Between rounds, you watch an unflappable Kenyan servant setting up a row of three pineapples, and you see the pineapple on the left explode just as he finishes placing one to the right. He barely twitches. He’s used to it. You don’t see Jock or Jack’s response, but you know there must have been some concern over the incident. If their aim had faltered, there would have been the trouble of finding a new servant.

The film is an odd duck – it’s too reserved to work as juicy pulp fiction and far too mordant to serve as a morality play, at least not the kind where you enjoy the immorality before the comeuppance. It revels in upper class misbehaviour while pointing out that everyone involved is long past enjoying it. Even sin has a best-before date. Forbidden fruit is best before it dries up and wrinkles. Or rots and starts to smell.

That also sums up most of the Happy Valleyers: they’re long past withering on the vine and a few of them are steps away from all-out (if well dressed) mummification.
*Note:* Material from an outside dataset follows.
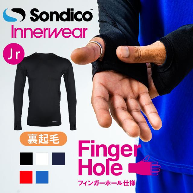 イギリスの伝統あるサッカー専門ブランド・ソンディコのロングスリーブインナーシャツ。丸首仕様。冬でも暖かい起毛タイプ。手の甲で受ける冷たい風を避けながらも指先は自由になる、フィンガーホール仕様。脇下メッシュ構造により衣服内のムレを解消。

Live fast, die young, make a great looking corpse is the exception; Get bored, get old, get a closed casket by popular demand is all too often the rule. Diana finally twigs to this fact and you're left with the impression that she'll get out alive, if not proud.

The rest of the expatriate nosferatu are probably lost causes, but they're rather charming in an undead sort of way. You almost want to tell them to get into the sun occasionally, cut down on the cigarettes and gin and for God’s sake, stop trying to have fun. It's never been a forte of the British upper classes. They're simultaneously too well-bred and inbred to do it properly. They've done their best, but the fun's gone off and it's gotten all lumpy.